Dopo la tappa a Venezia, dal 24 novembre in cinema selezionati e il 15 dicembre su Netflix arriva “E’ stata la mano di Dio” di Paolo Sorrentino.

Dopo la tappa in concorso il 2 settembre alla 78° Mostra Internazionale d’Arte Cinematografica di Venezia, il 24 novembre arriverà in cinema selezionati, e il 15 dicembre su Netflix, il dramma E’ stata la mano di Dio del regista e sceneggiatore Premio Oscar Paolo Sorrentino (Il Divo, La grande bellezza, The Young Pope). Il film è dedicato all’infanzia di Sorrentino e all’ex giocatore del Napoli, Diego Armando Maradona. Nel cast, tra gli altri, Toni Servillo, Luisa Ranieri, Massimiliano Gallo e Cristiana Dell’Anna.

Trama e cast

La trama ufficiale: E’ stata la mano di Dio segue un ragazzo nella tumultuosa Napoli degli anni Ottanta. Il diciassettenne Fabietto Schisa (Filippo Scotti) è un ragazzo goffo che lotta per trovare il suo posto nel mondo, ma che trova gioia in una famiglia straordinaria e amante della vita. Fino a quando alcuni eventi cambiano tutto. Uno è l’arrivo a Napoli di una leggenda dello sport simile a un dio: l’idolo del calcio Maradona, che suscita in Fabietto, e nell’intera città, un orgoglio che un tempo sembrava impossibile. L’altro è un drammatico incidente che farà toccare a Fabietto il fondo, indicandogli la strada per il suo futuro. Apparentemente salvato da Maradona, toccato dal caso o dalla mano di Dio, Fabietto lotta con la natura del destino, la confusione della perdita e l’inebriante libertà di essere vivi. Nel suo film più commovente e personale, Sorrentino accompagna il pubblico in un viaggio ricco di contrasti tra tragedia e commedia, amore e desiderio, assurdità e bellezza, mentre Fabietto trova l’unica via d’uscita dalla catastrofe totale attraverso la propria immaginazione.

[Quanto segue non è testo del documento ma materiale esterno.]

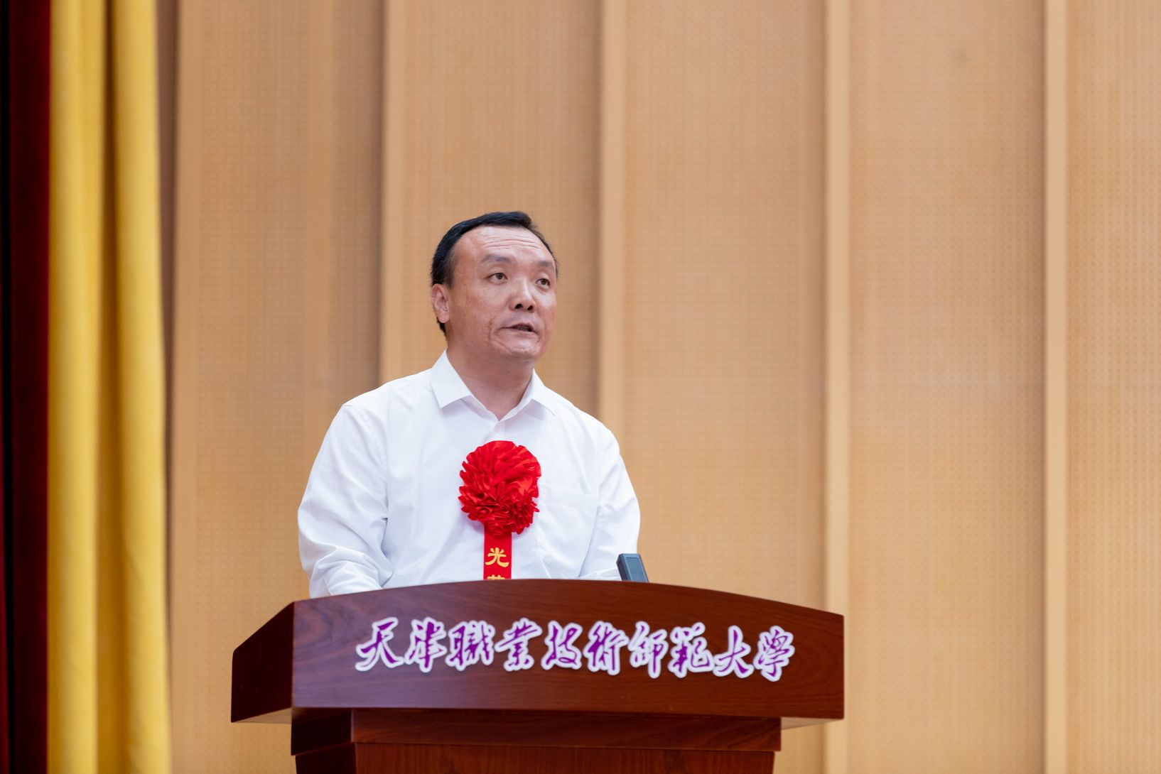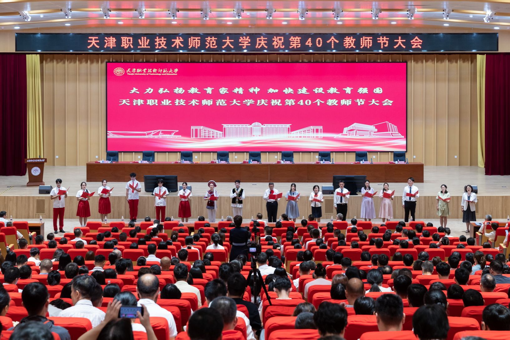 年夜会为光彩从教谦310年教员工的发表文凭并举办献花典礼。预会指导为新进职老师代替佩带校徽,齐体新进职教员里背《群众老师誓言》停止发誓。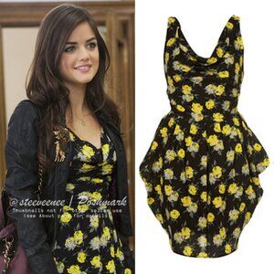 Topshop Tall Black and Yellow Rose Dress as seen on Aria Montgomery in Pretty Little Liars season 1 episode 7. Same style, brand, and color. Topshop can run a little small sometimes. Just ask if you'd like any measurements, though it can take me a few days to get chance.
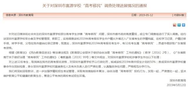 5月12日晚,深圳市教育局發(fā)布《關于對深圳市富源學?!案呖家泼瘛闭{查處理進展情況的通報》,通報稱,經(jīng)查實,深圳市富源學校2019年高考報名考生中,有32名考生屬“高考移民”,弄虛作假獲取廣東省報考資格。按照相關法例,對涉事32名學生取消在深圳市的高考報名資格,對深圳市富源學校予以行政處罰,核減該校2019年高中招生計劃的50%;責成深圳市富源學校董事會作出深刻檢查,責令深圳市富源學校對直接責任人及有關負責人進行嚴肅處理,認真整改存在問題,嚴格規(guī)范辦學行為。

Il cast del film include anche Toni Servillo (Saverio Schisa), Teresa Saponangelo (Maria Schisa), Marlon Joubert (Marchino Schisa), Luisa Ranieri (Patrizia), Renato Carpentieri (Alfredo), Massimiliano Gallo (Franco), Betti Pedrazzi (Baronessa Focale), Biagio Manna (Armando), Ciro Capano (Capuano), Enzo Decaro (San Gennaro), Lino Musella (Mariettiello) e Sofya Gershevich (Yulia).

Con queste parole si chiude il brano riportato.